When changes gang up on us like a school of piranha, we wonder who we’ll be when the change-fest/feast is over. Will anyone recognizable as “me” remain? What can we hold onto that is unchanging, even as those damnable fish are nibbling away at what we thought was certain?

I have just returned from a two-week trip to the south of England, to be with my daughter in Devon as she swirls in the huge school of changes called breast-cancer-and-mastectomy. The plan was for me to bring emotional support, help her with the complexity of her prescriptions and supplements, and do some administrative work that arose with her new circumstances, while a rota of friends would bring food and help with household tasks and the garden. This would leave Katheryn free to rest and heal, to tend to her physical therapy, and to ponder the difficult decisions about which medical treatments to choose following her post-surgery test results. It was a lovely concept, featuring all of us making the best out of unwelcome circumstances.
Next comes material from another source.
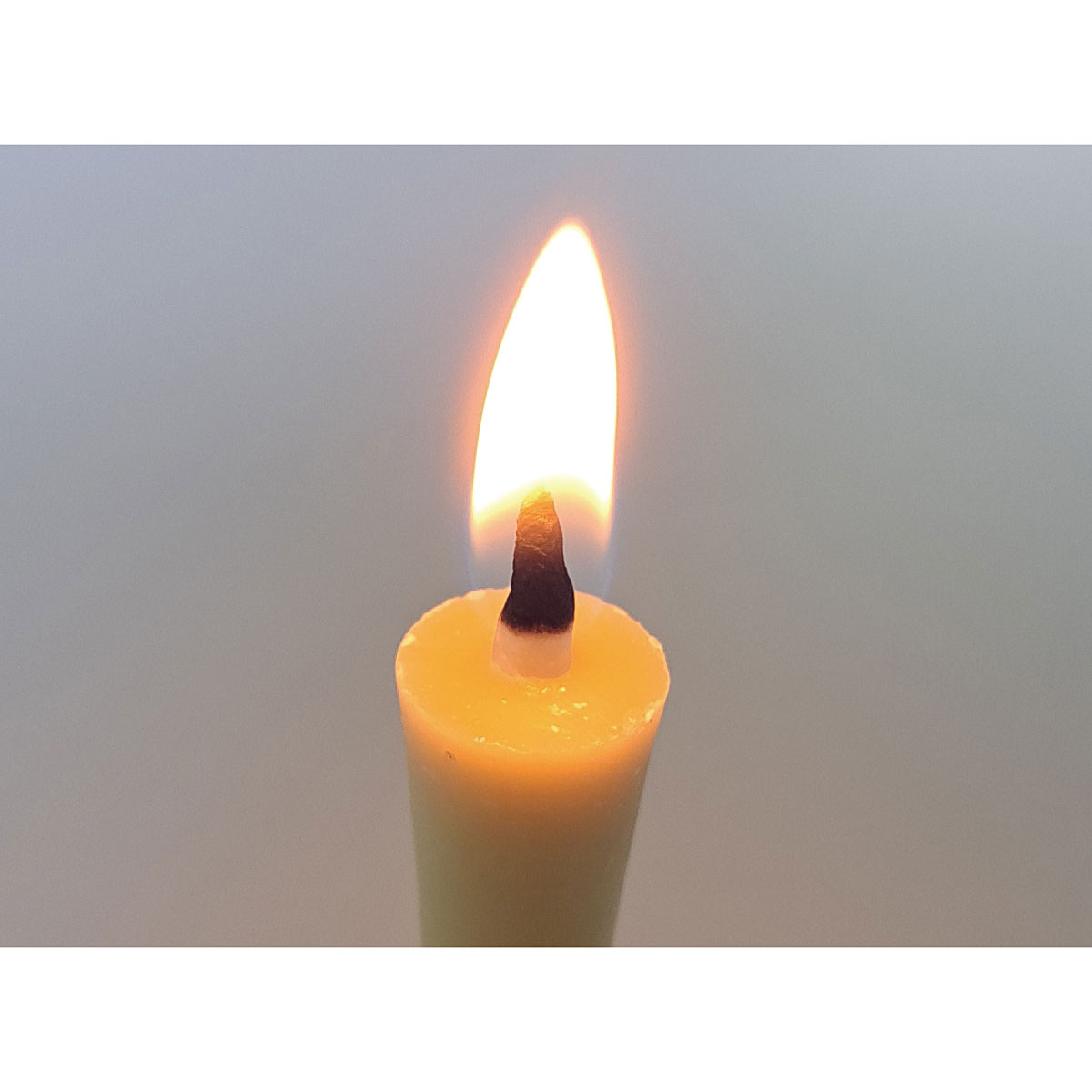 和ろうそくは芯が太く火力があり、夕日のようなオレンジ色になります。また、芯の内部が空洞なので空気が振動する時に風が吹いていない状況でも炎が揺らめいて荘厳な雰囲気があります。

But change just wouldn’t leave us alone. The surgical site didn’t heal as planned. New medical concerns cropped up after lab tests. Frequently medical personnel rescheduled appointments at the last minute, leaving Katheryn scrambling to cancel plans, arrange for new rides to hospitals and clinics, undo help that had already been put in place. Computers rebelled with seemingly intentional malice. Wet laundry blew off the line in an unexpected gust. Side effects of pain medications blossomed. The cat food supply ran out. Email addresses and phone numbers were not accurate. The healing rest didn’t happen, the physical therapy got short shrift, the ominous deadlines for decisions loomed with no clearer wisdom than was had the day before.

I wondered to myself, How is it possible for anyone to cope with such changes? Especially on top of the earth-shaking changes to one’s sense of self that a dreaded illness brings? What do people do who are older, frailer, more alone, more confused, less capable than my daughter?

And then, just when I was getting into the rhythms of knowing how best to help Katheryn, and where the brown rice and toasted sesame oil are stored, and what is the best technique for rousting Orion (my 17-year-old grandson) in the morning, and how the damned smartphone works . . . another wrenching change: time to return home.

So who am I now, as the mother of a woman with cancer? Who am I, 5000 miles away from her? What will her life look like a year from now? What will mine? How do she, and I, and Orion, and all of us find the essential place in ourselves and in each other that is unfazed by change? Is there such a place?

I’m too jet-lagged to have any answers right now.

Just questions.

And a dim but certain knowing that the answers are close at hand.